I am wondering in data.table
what is the most efficient or cleanest way to select rows based on the occurrence of some column values.
For example, in a 7 column data table, with each value being either 1 or 0, I want all rows where there are exactly 2 values of 1 and 5 values of 0 (1 representing "presence" and 0 "absence").
So far, here is what I am doing, assuming the following data.table
(much bigger, here is just a sample of it)

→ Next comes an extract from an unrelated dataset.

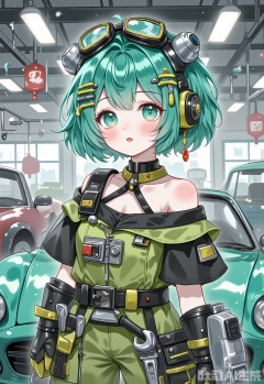 KANH, Digital drawing of a cute anime girl with short, teal green hair styled in a pixie cut with spikes, wearing a green and black mechanic's outfit with a tool belt and goggles, standing in a busy garage filled with cars and tools. She has large, determined green eyes, robot ears on her head, and a wrench. The background is industrial and active, with a sense of innovation and repair.

name D2A1.var D2B3.var D3A1.var D4A3.var D5B3.var H2A3.var H4A4.var MA_ancestor.var
Chrom_1;10000034;G;A Chrom_1;10000034;G;A 1 1 1 1 1 1 1 1
Chrom_1;10000035;G;A Chrom_1;10000035;G;A 1 1 1 1 1 1 1 1
Chrom_1;10000042;C;A Chrom_1;10000042;C;A 1 1 1 1 1 1 1 1
Chrom_1;10000051;A;G Chrom_1;10000051;A;G 1 1 1 1 1 1 1 1
Chrom_1;10000070;G;A Chrom_1;10000070;G;A 1 1 1 1 1 1 1 1
Chrom_1;10000084;C;T Chrom_1;10000084;C;T 1 1 1 1 1 1 1 1
Chrom_6;9997224;AT;A Chrom_6;9997224;AT;A 0 0 0 0 0 1 0 1
Chrom_6;9998654;GTGTGTGTT;G Chrom_6;9998654;GTGTGTGTT;G 0 0 0 0 0 0 0 1
Chrom_6;9999553;TTTC;T Chrom_6;9999553;TTTC;T 0 0 0 0 0 0 0 1
and if I want all rows where I have 7 1 and let's say only 1 in D2A1.var and D3A1.var I am doing the following
ALL = DT[DT$MA_ancestor.var == 1 & DT$D2A1.var == 1 &DT$D2B3.var == 1 & DT$D3A1.var == 1 & DT$D4A3.var == 1 &DT$D5B3.var == 1 & DT$H2A3.var == 1 & DT$H4A4.var == 1,]
TWO = DT[DT$MA_ancestor.var == 0 & DT$D2A1.var == 1 &DT$D2B3.var == 0 & DT$D3A1.var == 1 & DT$D4A3.var == 0 &DT$D5B3.var == 0 & DT$H2A3.var == 0 & DT$H4A4.var == 0,]
DFlist=list(TWO, ALL)
DFlong = rbindlist(DFlist, use.names = TRUE, idcol = FALSE)
This returns the expected result and is fast enough. However when having multiple conditions it's a lot of typing and a lot of data.table
creations. Is there a faster, cleaner and more compact way of achieving this?